Students Izzy Beach, Tiffany Goodman, Tate Hewitt, Indira Moscoso and Victor Ramon-Garcia accompanied Parker to Portland, OR in March for the conference. The AWP Conference is the largest literary conference in North America with more than 12,000 attendees, 800 exhibitors and 550 events.

“I feel so privileged to have been able to attend through Brookdale and the Creative Writing Club,” said Goodman, a Manalapan resident and philosophy major.

Goodman got involved with the CWC as soon as she registered for classes. A self-proclaimed lover of words, she was the president of the Poetry Club at Monroe High School.

She also writes poetry and lyrical essays. “I thought it would be a really cool opportunity and it would be interesting to travel with club members and to be in an environment totally surrounded by words,” said Goodman.

“I tried to take the opportunity to listen to as many voices that differed from mine.”

– Tiffany Goodman

Moscoso, a Freehold resident, said high school left her with little time to write, so she had gotten away from writing poems and short stories. However, joining the CWC encouraged her to get back into the practice. “With the Creative Writing Club I get to express my creativity freely which I had not done in years,” she said.

Goodman said the writing panel discussions were especially interesting.

“My favorites included several panels on politics in poetry, especially environmental politics and how important modern writing is even when it feels as though there are more important things to be doing,” said Goodman. “One panelist at an eco-poetry reading said something along the lines of ‘Why am I writing unimportant poems about flowers? Because perhaps poetry doesn’t save any lives but it does provide something to live for in a time when everything feels futile.’”

Goodman said a panel discussion connected to industrial mining was impactful.

“The panelists all had distinct relationships to mining in some way and spoke to those relationships throughout the reading.

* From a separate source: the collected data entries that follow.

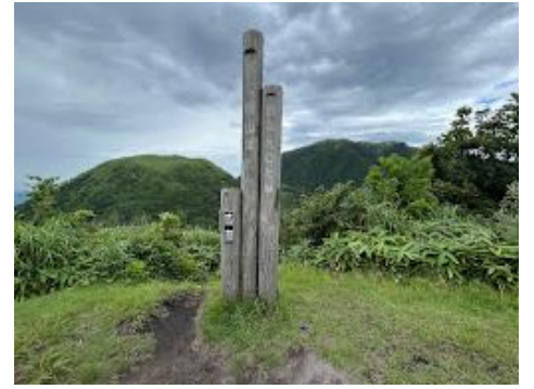
24 孫三瓶山山頂。左奥に子三瓶山、右奥に男三瓶山。
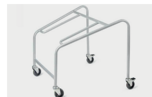
trolley (max 20 pcs) carrello
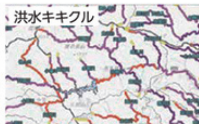
紫：河川沿いは危険

*市区町村単位で発表される情報には、大雨特別警報、土砂災害警戒情報、大雨警報などがあります。
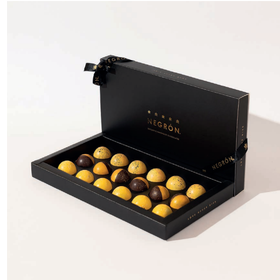
Bombones Black X18 $ 110.000

Elige entre nuestras opciones de bombones: cítricos, licores, clásicos frutales, sin azúcar, o una selección combinada
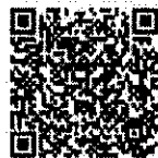
๒. โปรแกรมเทียบมาตรฐาน คุณภาพน้ำ
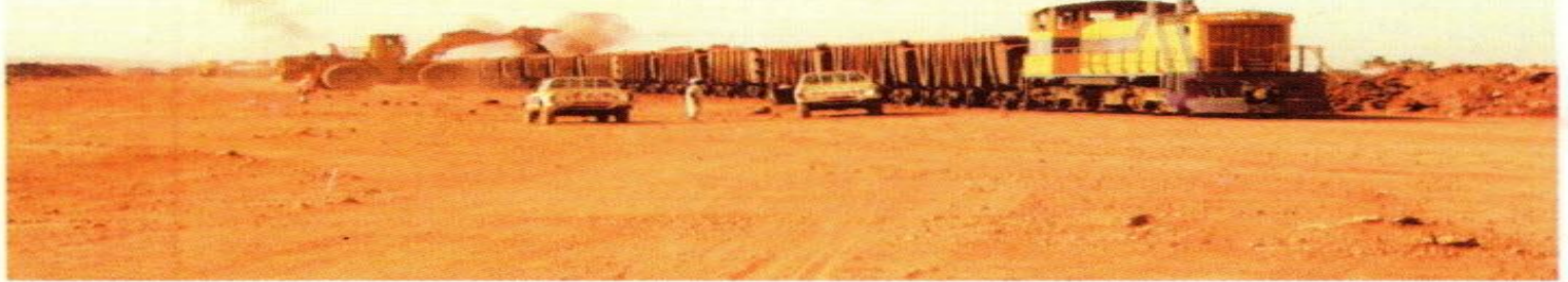
Chargement de Bauxite à Sangarédi (CBG)
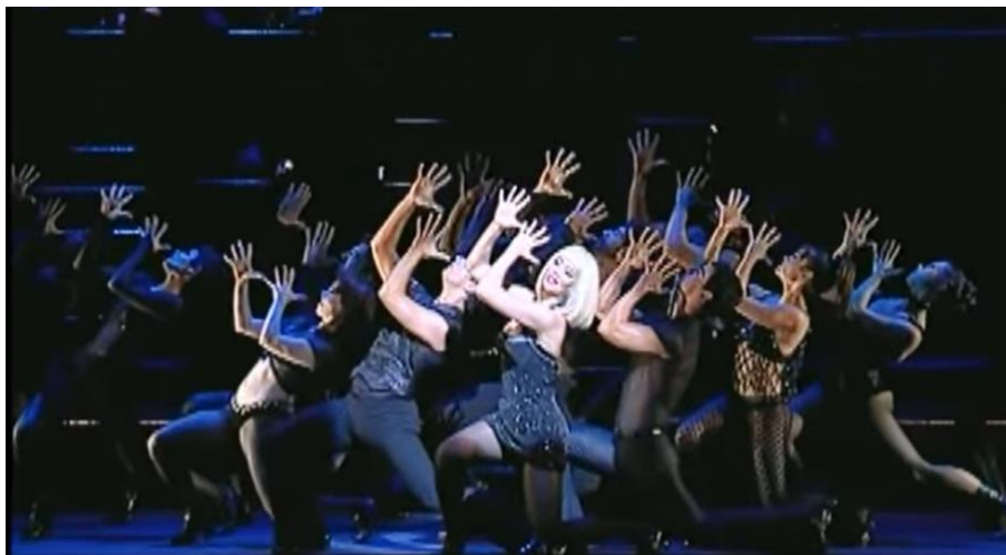
Figura 6. Cena de Chicago, o Musical
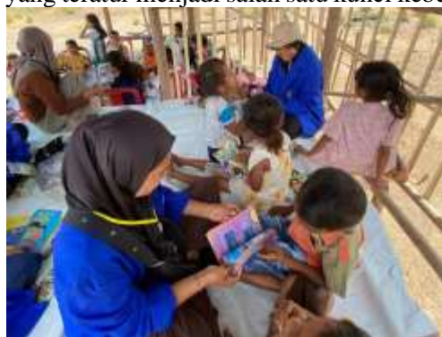
Gambar 5. Mendampingi Anak-Anak Membaca

Kegiatan pondok baca di Desa Neotonda dilaksanakan secara rutin setiap sore hari, kecuali Minggu, dengan tujuan membentuk kebiasaan literasi anak-anak. Rutinitas ini sangat penting karena konsistensi waktu belajar dapat menumbuhkan kedisiplinan dan membiasakan anak untuk meluangkan waktu khusus dalam membaca. Kebiasaan yang dilakukan secara berulang dalam lingkungan yang mendukung akan membentuk pola perilaku positif yang melekat dalam diri anak (Amalia & Harfiani, 2024). Oleh karena itu, jadwal yang teratur menjadi salah satu kunci keberhasilan kegiatan pondok baca.

One woman had an implanted defibrillator in her chest and researched each of the metals inside of her and the unethical ways they were produced,” said Goodman. “She ended her piece by saying something like ‘This thing inside me has never saved my life and only ever damaged my body – Sometimes I wonder if it was worth it.’”

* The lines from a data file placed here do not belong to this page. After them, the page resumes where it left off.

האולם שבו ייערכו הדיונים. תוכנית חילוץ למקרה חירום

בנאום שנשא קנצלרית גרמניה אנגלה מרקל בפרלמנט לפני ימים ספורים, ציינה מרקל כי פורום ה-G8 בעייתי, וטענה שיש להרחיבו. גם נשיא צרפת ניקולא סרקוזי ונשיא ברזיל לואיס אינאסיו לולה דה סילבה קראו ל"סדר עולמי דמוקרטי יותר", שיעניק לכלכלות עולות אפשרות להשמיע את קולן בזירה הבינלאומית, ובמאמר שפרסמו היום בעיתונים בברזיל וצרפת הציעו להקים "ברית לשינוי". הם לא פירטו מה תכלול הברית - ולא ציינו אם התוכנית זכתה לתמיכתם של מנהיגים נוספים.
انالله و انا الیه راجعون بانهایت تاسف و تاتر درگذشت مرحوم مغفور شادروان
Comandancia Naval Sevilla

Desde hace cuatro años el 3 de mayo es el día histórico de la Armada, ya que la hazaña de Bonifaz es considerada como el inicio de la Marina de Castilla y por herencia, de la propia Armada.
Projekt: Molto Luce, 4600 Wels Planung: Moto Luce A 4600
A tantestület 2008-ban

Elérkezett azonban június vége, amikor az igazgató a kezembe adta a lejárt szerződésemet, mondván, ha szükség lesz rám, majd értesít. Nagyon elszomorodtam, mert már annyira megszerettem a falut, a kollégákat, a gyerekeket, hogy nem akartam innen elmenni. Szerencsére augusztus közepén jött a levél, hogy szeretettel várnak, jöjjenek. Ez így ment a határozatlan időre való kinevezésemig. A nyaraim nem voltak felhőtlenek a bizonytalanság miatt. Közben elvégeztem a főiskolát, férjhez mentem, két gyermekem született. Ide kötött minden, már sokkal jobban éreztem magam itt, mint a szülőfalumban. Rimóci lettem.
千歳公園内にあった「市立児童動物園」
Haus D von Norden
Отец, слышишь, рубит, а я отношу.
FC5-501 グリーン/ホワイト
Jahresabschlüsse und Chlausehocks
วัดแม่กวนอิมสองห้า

“With the Creative Writing Club I get to express my creativity freely which I had not done in years.”

– Indira Moscoso

Moscoso echoed Goodman’s sentiments about the events at the conference. “What inspired me was the sex positive, women positive panels,” Moscoso said. “Rachel McKibbens was so open about her feelings. I loved how brave she was.”

One of the most memorable events of the trip for Moscoso was meeting writer Ruth Irupé Sanabria who was a panelist at the conference. Irupé Sanabria spoke at the Carl Calendar Visiting Writer Series in April. Moscoso and fellow Creative Writing Club member and friend Ramon-Garcia were in front of Sanabria and her parents in line. When Moscoso and Ramon-Garcia realized who was behind them, they immediately began to praise Sanabria’s works. “We were so excited to meet her and told her what a great writer she was,” Moscoso explained.

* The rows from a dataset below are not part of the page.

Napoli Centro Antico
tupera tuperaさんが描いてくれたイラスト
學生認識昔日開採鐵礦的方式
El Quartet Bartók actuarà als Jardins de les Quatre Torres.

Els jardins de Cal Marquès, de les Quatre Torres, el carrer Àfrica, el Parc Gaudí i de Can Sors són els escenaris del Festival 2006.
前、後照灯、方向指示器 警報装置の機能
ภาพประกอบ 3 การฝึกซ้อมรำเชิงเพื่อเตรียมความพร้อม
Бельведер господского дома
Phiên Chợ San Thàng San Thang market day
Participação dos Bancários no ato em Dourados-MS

When Sanabria visited Brookdale, she told Moscoso what a tremendous impact their meeting at the AWP Conference had on her life. “She said that our reaction to meeting her made her father finally acknowledge her as a writer. It was our enthusiasm that made her father understand the importance of her writing,” Moscoso explained.

Goodman said she and her fellow attendees shared advice, tips and knowledge they gained from the conference with CWC members.

“I tried to take the opportunity to listen to as many voices that differed from mine. At first that challenge frightened me but by the end of it I learned the most from the voices I had to struggle to understand,” said Goodman.

Photo Caption:

Brookdale students pictured left to right: Izzy Beach, Indira Moscoso, Tate Hewitt, Victor Ramon-Garcia, and Tiffany Goodman at the AWP conference in Portland, OR.